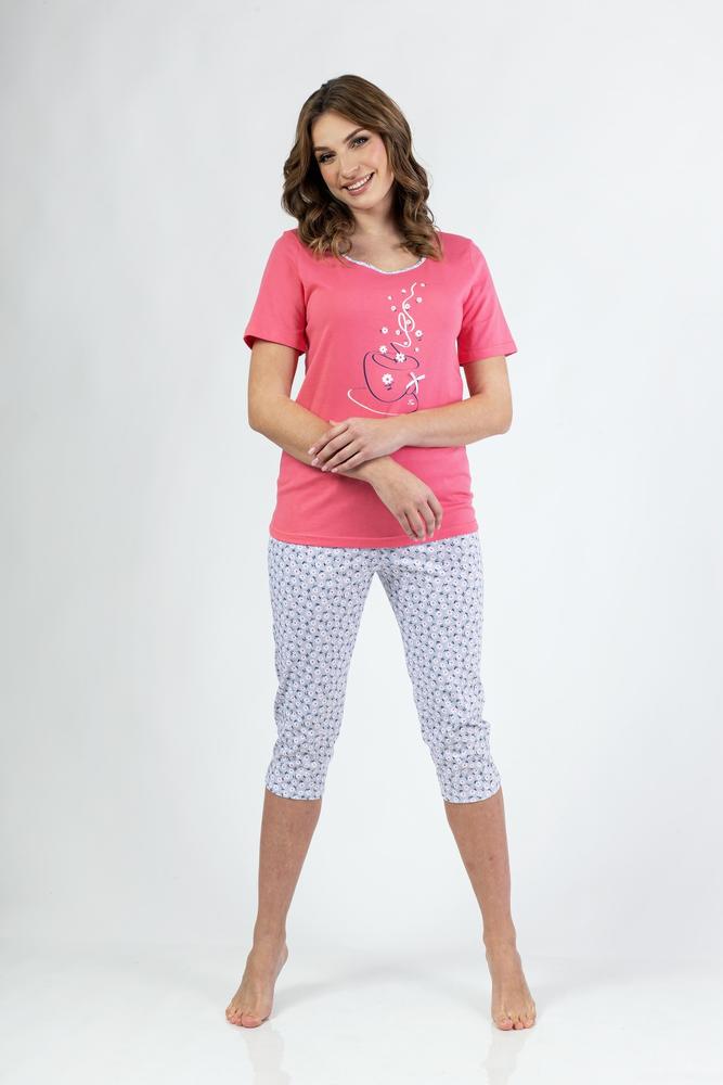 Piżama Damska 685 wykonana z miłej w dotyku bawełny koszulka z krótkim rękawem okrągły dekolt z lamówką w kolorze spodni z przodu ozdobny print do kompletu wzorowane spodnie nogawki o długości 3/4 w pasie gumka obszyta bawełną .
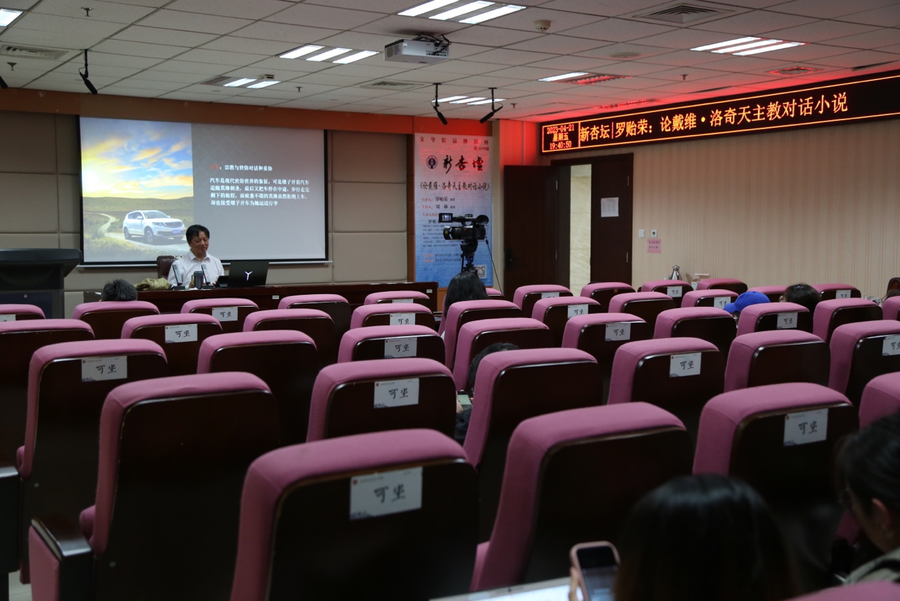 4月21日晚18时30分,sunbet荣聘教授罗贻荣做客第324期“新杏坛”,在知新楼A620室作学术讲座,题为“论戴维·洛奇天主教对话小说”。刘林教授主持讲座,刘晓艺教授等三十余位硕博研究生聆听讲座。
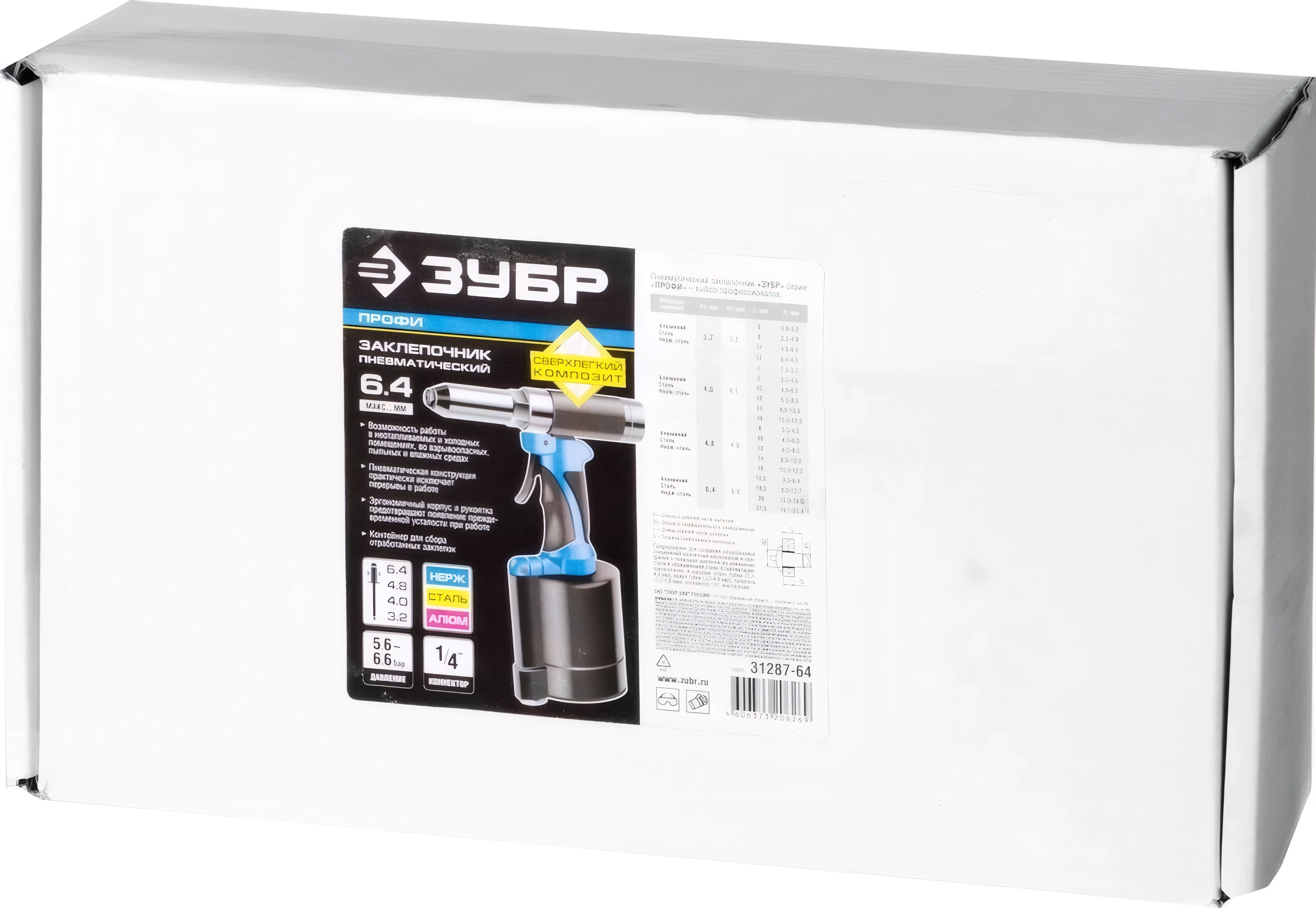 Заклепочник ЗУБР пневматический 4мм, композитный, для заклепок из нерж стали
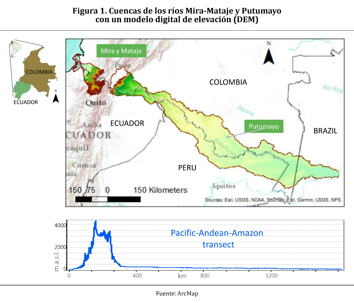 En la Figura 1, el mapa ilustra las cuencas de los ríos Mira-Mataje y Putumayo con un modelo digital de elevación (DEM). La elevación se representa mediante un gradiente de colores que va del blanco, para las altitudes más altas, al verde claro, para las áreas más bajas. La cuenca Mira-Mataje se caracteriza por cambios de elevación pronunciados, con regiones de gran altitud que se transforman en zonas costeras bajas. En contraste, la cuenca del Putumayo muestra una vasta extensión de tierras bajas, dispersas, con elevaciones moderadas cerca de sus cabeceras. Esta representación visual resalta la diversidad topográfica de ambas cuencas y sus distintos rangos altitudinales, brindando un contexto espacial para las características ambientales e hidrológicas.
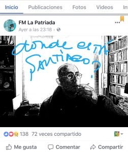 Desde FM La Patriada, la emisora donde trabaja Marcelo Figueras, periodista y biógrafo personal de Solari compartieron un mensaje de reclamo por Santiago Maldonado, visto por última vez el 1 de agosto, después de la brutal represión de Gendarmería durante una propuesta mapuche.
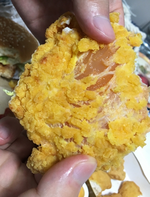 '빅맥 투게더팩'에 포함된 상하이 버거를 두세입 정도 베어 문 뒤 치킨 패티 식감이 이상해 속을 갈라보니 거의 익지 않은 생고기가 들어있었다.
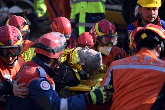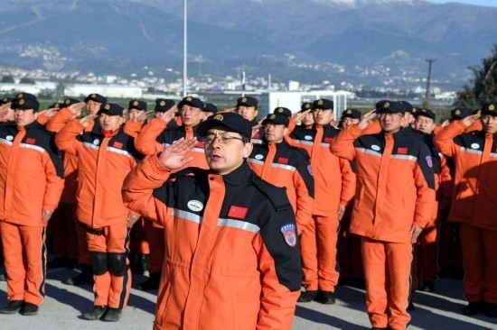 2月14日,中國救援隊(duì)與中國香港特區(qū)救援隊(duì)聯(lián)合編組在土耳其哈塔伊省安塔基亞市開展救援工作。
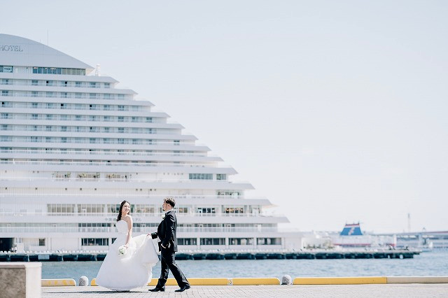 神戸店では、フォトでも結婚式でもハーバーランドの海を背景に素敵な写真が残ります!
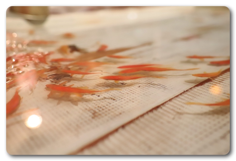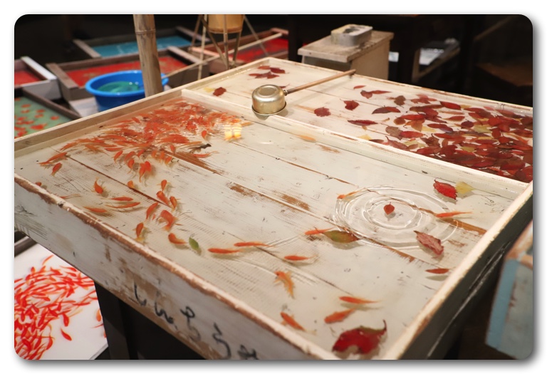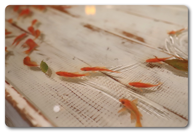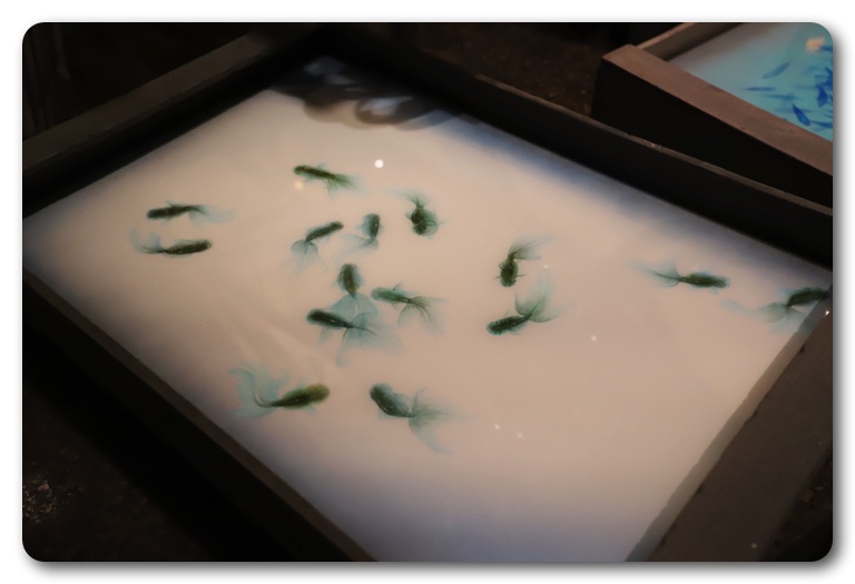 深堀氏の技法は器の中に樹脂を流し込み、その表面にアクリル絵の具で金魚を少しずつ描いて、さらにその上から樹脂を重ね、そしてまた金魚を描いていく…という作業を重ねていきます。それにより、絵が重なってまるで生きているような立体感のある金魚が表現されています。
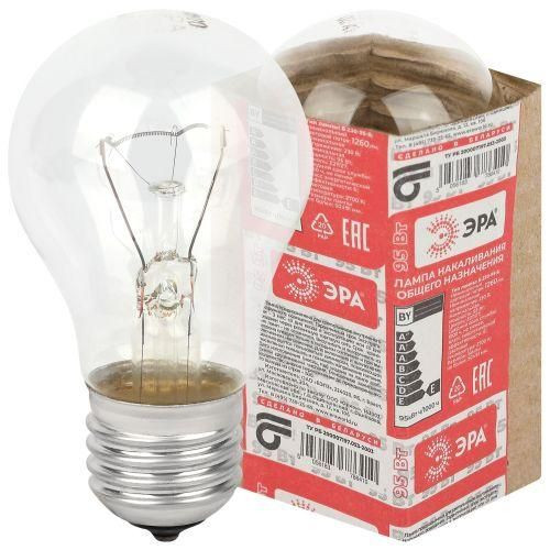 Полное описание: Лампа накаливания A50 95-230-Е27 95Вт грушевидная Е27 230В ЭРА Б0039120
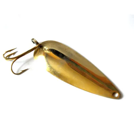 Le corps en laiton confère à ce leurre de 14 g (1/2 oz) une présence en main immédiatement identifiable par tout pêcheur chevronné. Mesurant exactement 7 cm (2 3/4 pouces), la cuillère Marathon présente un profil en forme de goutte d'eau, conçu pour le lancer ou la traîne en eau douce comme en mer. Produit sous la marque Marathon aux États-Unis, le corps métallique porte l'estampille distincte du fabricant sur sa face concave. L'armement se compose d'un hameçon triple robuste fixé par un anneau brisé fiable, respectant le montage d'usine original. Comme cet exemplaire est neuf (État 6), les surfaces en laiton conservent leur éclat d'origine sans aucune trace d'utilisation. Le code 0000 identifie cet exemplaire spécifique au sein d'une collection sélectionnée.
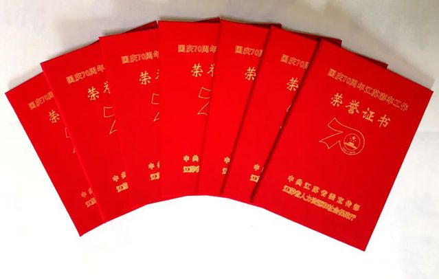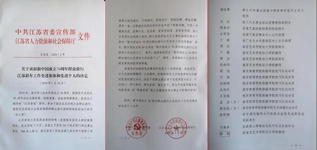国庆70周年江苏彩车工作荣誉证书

Task objective:
Go back to the listing above and reproduce, exactly, the stretch from the line bearing "4月21日晚18时30分,s" through the line bearing "Заклепочник ЗУБР пневматический", without its pictures.

Solution to this exercise:
 4月21日晚18时30分,sunbet荣聘教授罗贻荣做客第324期“新杏坛”,在知新楼A620室作学术讲座,题为“论戴维·洛奇天主教对话小说”。刘林教授主持讲座,刘晓艺教授等三十余位硕博研究生聆听讲座。
 Заклепочник ЗУБР пневматический 4мм, композитный, для заклепок из нерж стали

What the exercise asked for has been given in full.